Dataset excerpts
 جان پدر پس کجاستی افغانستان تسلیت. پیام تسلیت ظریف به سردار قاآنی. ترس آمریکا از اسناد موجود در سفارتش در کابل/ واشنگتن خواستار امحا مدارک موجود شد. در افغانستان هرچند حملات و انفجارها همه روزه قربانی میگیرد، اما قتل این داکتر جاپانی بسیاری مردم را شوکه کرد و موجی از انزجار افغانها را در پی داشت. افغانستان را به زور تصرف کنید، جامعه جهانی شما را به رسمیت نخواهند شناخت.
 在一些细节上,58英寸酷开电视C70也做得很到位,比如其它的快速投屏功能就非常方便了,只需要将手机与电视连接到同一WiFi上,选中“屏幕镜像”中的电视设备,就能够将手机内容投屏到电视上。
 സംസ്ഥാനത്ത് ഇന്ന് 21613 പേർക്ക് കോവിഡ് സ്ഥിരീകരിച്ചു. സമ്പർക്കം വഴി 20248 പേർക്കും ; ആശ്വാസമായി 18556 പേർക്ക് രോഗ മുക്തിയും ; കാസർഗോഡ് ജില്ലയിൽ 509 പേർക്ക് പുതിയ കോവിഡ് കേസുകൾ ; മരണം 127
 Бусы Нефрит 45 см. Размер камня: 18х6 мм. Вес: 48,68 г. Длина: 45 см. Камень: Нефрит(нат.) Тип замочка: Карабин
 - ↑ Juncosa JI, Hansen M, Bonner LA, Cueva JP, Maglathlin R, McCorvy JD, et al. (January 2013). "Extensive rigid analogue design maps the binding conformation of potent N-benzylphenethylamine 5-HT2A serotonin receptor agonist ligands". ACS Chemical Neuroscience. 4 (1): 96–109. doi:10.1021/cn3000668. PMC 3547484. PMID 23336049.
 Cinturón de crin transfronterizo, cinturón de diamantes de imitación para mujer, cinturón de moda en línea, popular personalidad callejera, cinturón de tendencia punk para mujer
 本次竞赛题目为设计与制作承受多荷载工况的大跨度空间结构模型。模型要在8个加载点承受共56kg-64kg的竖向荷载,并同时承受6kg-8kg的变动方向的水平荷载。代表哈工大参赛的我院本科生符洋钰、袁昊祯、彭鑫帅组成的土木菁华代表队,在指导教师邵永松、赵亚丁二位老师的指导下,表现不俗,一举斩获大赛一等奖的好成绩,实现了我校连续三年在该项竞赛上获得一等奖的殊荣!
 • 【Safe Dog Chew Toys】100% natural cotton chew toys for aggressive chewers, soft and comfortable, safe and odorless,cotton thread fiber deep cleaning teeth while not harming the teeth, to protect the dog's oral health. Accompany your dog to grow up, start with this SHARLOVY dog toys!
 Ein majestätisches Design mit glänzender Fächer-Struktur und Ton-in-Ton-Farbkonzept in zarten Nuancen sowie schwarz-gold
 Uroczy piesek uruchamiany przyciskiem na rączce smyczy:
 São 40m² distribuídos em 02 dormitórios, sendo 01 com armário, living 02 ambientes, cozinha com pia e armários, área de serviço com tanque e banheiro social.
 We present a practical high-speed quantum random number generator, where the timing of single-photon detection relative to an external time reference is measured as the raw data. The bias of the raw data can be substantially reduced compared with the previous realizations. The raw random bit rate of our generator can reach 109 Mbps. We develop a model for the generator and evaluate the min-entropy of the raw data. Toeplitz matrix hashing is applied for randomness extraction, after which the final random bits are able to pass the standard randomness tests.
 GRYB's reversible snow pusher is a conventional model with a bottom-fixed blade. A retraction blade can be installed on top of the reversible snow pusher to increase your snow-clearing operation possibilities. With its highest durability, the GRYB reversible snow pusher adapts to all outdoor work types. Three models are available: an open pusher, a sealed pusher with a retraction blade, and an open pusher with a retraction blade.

=== Required action ===
Exactly the lines from the one containing "Ein majestätisches Design" to the final line of the entries must be restated, and no others.

=== Output for this exercise ===
 Ein majestätisches Design mit glänzender Fächer-Struktur und Ton-in-Ton-Farbkonzept in zarten Nuancen sowie schwarz-gold
 Uroczy piesek uruchamiany przyciskiem na rączce smyczy:
 São 40m² distribuídos em 02 dormitórios, sendo 01 com armário, living 02 ambientes, cozinha com pia e armários, área de serviço com tanque e banheiro social.
 We present a practical high-speed quantum random number generator, where the timing of single-photon detection relative to an external time reference is measured as the raw data. The bias of the raw data can be substantially reduced compared with the previous realizations. The raw random bit rate of our generator can reach 109 Mbps. We develop a model for the generator and evaluate the min-entropy of the raw data. Toeplitz matrix hashing is applied for randomness extraction, after which the final random bits are able to pass the standard randomness tests.
 GRYB's reversible snow pusher is a conventional model with a bottom-fixed blade. A retraction blade can be installed on top of the reversible snow pusher to increase your snow-clearing operation possibilities. With its highest durability, the GRYB reversible snow pusher adapts to all outdoor work types. Three models are available: an open pusher, a sealed pusher with a retraction blade, and an open pusher with a retraction blade.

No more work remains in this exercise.